De otra parte, la referencia de Ramos Allup al peligro de la participación militar en política, recibió una destemplada respuesta del General Padrino, Ministro de la Defensa, de que el papel no deliberante de la Fuerza Armada es cosa del pasado. Qué despropósito. Cómo se atropella la Constitución y se debilita o expone más a la institución armada, como garante que es de la soberanía nacional y de la constitucionalidad. Buenos artículos han escrito al respecto Carlos Raúl Hernández y el General (r) Carlos Peñaloza, quien defiende la denominación de la Fuerza Armada Nacional prevista en la Constitución, sin el agregado de bolivariana, pues conlleva una fuerte connotación política. Fue triste escuchar la irracional declaración del Comandante General de la Armada, Almirante Montplaisier, de que ahora más que nunca son bolivarianos y chavistas, en lugar de luchar por unas FAN pulcras, institucionalistas e independientes de ideología política alguna.

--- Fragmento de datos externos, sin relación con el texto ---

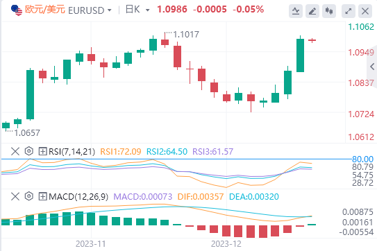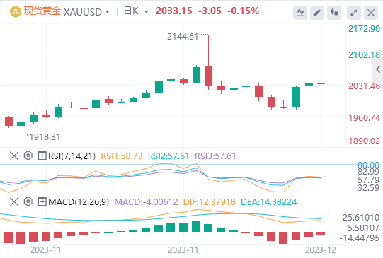 美元指数:截止发稿,美元指数交投于102.05附近。美元跌至101.80,为8月以来的最低点。美联储出人意料地暗示2024年将三次降息,这对美国国债收益率和美元造成了沉重影响。在2023年的上一次美联储会议上,该行对通胀数据的降温表示欢迎,修订后的点图表明,美联储理事在2024年不会加息。此外,他们预测将有75个基点的宽松政策。这意味着市场预期与该行的立场一致,这一立场受到了市场的欢呼,因为它助长了流动风险。技术面上,MACD直方图显示红色条线上升,这是一个通常与看跌势头相关的信号,而RSI接近超卖条件,进一步证实了空头控制价格走势。此外,SMA位于20、100和200天SMA下方,表明在更大的背景下存在主导的看跌倾向。这表明,尽管超卖RSI暗示暂时缓解,但整体抛售压力依然强劲,空头继续决定价格走势。

En suma, se configura un panorama complejo e incierto, ante el cual la comunidad internacional debe seguir vigilante. Valga destacar la reciente y valiosa segunda carta dirigida por el Secretario General de la OEA Luis Almagro al Presidente Maduro, en la cual defiende su ineludible obligación de vigilar por los principios de la Carta Democrática de la OEA, denunciando nuevas violaciones del régimen venezolano al Estado de Derecho. Y así mismo, la digna y solidaria actuación del ex Presidente de Colombia Andrés Pastrana y de otros ex gobernantes en favor de la libertad en Venezuela. Quiera Dios que la obcecación del gobierno en desconocer las reglas del juego, no lleve al país por un camino de confrontación de la mano de una camarilla de fanáticos, o al decir de un conocido psiquiatra venezolano, de psicópatas que ejercen el poder sin pudor, pretendiendo perpetuarse en el mismo. De ser así, el soberano, al que tanto se invoca y que se expresó inequívocamente el 6D, sabrá exigir cambios aún más profundos, y como tales, impredecibles.   


"Para la verdad, el tiempo; para la justicia Dios"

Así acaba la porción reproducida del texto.